The impact of this challenging environment is reflected in the statistics. According to data from travel analysis firm ForwardKeys, ticket sales to Jordan have witnessed a significant decline of 49% year-on-year. Jordan's tourist hotspots, such as Petra, have historically attracted visitors, but these numbers have seen a considerable drop.
Furthermore, the conflict has had wider implications on the global stage, particularly with regard to oil prices. The World Bank has warned that oil prices could reach as high as $157 per barrel in the event of a substantial disruption in crude oil supply in the Middle East.
Samer al-Majali, reflecting on past regional challenges such as the Iraq wars, the Arab uprisings, the fight against ISIS in northern Syria, the Ukraine conflict, and most recently the Israel-Gaza conflict, emphasised the wealth of experience they have amassed in navigating these intricate situations. “We built up a lot of experience dealing with these issues.”
Meanwhile, Royal Air Maroc, based in Casablanca, suspended its flights to and from Tel Aviv's Ben Gurion Airport until the end of December, as indicated on its website. The airline faced a dual blow with the Israel-Gaza conflict following a devastating earthquake in Morocco, the most severe in over six decades.
Abdelhamid Addou, the chief executive of Royal Air Maroc, highlighted that travellers tend to return more swiftly after a natural disaster than after a war or an act of terrorism. Recovering from the earthquake took a couple of weeks, but the current circumstances are expected to require a longer period for normalisation. The interruption in operations has affected connecting flights in the region, hindering the airline's core mission of connecting people. He said: “We have suffered a lot during the earthquake.

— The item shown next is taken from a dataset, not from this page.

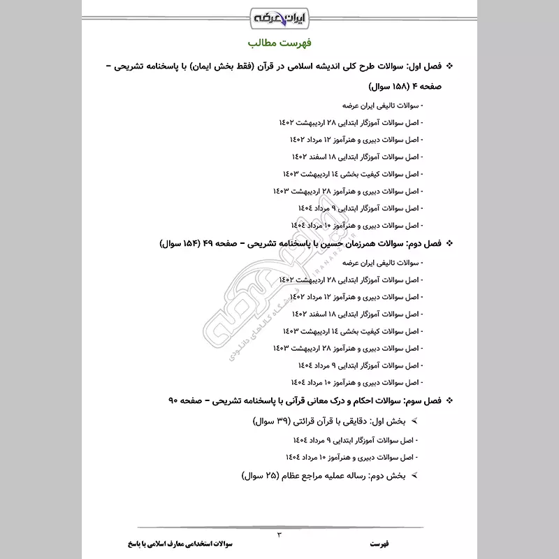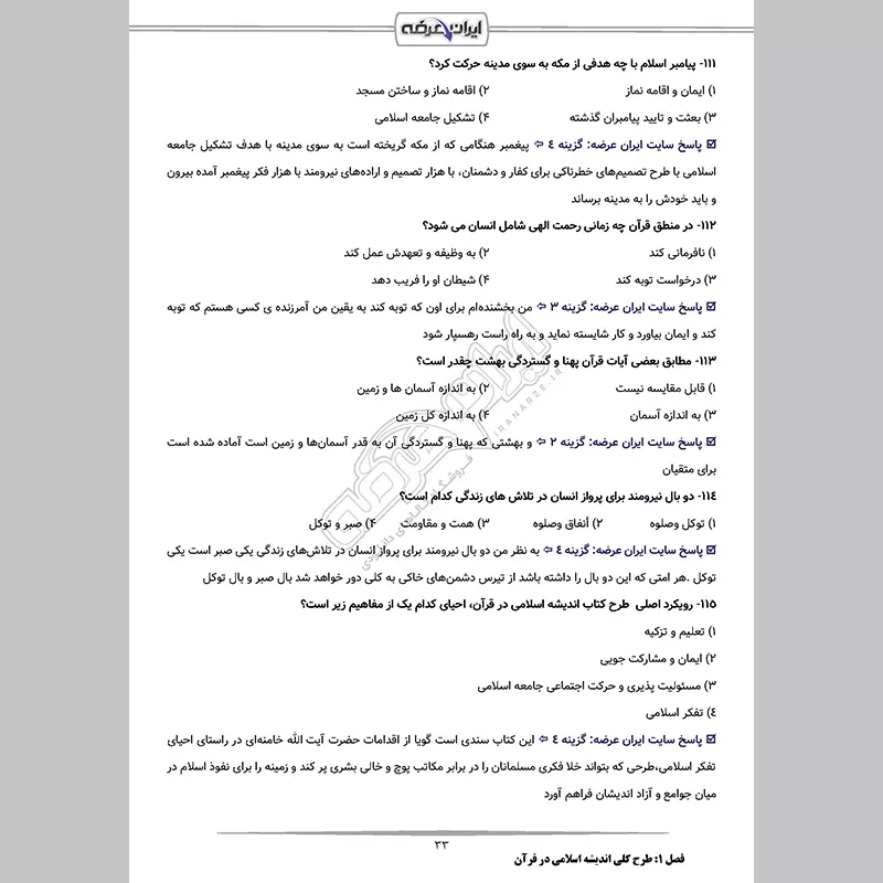 - فصل 1: سوالات طرح کلی اندیشه اسلامی در قرآن (فقط بخش ایمان) با پاسخنامه تشریحی – صفحه 4 (158 سوال)

We found out that globally travellers come back easier after a natural disaster than after a war or [act of] terrorism.”
“It took a couple of weeks to get back to normal after the earthquake, but that's not the case now with what is happening...it will take longer.
“Our business is to connect people and bring them together and any time there's such a crisis, we cannot do our work properly.”

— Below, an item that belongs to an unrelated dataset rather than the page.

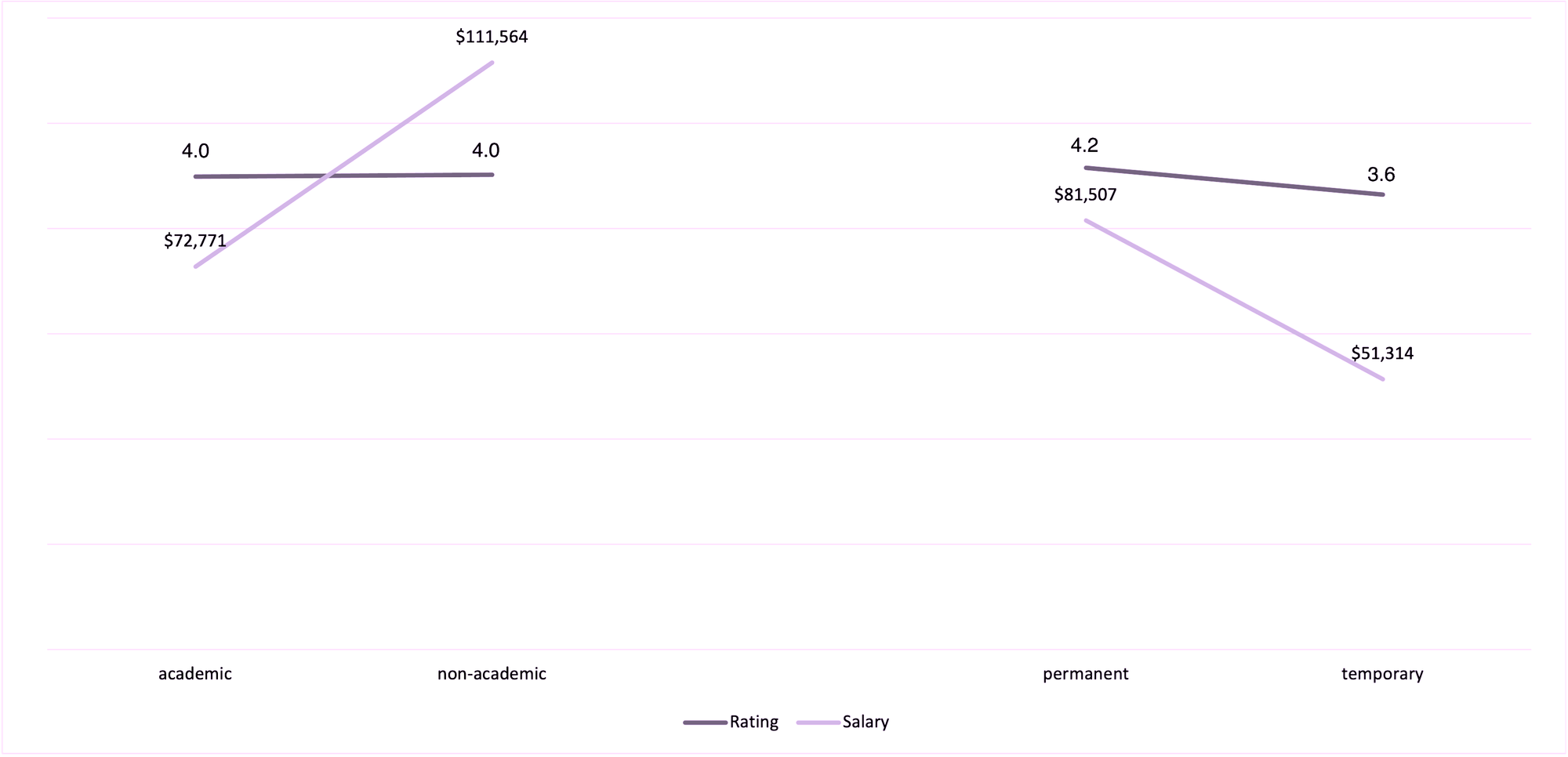 Note that while satisfaction in academic and non-academic jobs is about the same (but higher for permanent than for temporary academic jobs), the salaries for those in non-academic jobs are much higher, which has been reported in previous surveys.

Emirates, a major player in the Gulf, has also taken measures in response to the situation. It has suspended all flights to and from Tel Aviv, and Adel Al Redha, Emirates' Chief Operating Officer, noted that although certain segments of their network, primarily in the Far East, have been marginally impacted, much of their global network continues to operate effectively.
In Saudi Arabia, Riyadh Air, the startup airline in Saudi Arabia set to commence operations in 2025, spoke of the requirement of airlines to implement a proactive strategy to tackle various disaster scenarios, from conflicts to volcanic eruptions. Chief executive, Tony Douglas, underscored the ever-present uncertainty in the airline industry and the importance of embracing it. The airline is expected to unveil a new aircraft livery at the upcoming Dubai Airshow in November, with hopes of soon placing a narrow-body aircraft order.

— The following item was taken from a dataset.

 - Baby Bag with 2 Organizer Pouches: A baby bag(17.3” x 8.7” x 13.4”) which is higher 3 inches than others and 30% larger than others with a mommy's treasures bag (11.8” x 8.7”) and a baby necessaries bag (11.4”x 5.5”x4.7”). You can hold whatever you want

The disruption has had a profound impact on travel to the region. Ticket sales to Egypt have declined by 26% year-on-year, while those to Jordan have plummeted by 49%, and to Lebanon by a staggering 74%, according to Forward Keys. Major airlines, including British Airways, Virgin Atlantic, Lufthansa, Eurowings, easyJet and Swiss, have suspended their flights to multiple destinations across the Middle East.
The challenges faced by airlines operating in the region reflect the profound interplay between geopolitical events and the global travel industry. As they navigate these complexities, the resilience and adaptability of these carriers remain pivotal in ensuring continued connectivity by international air travel.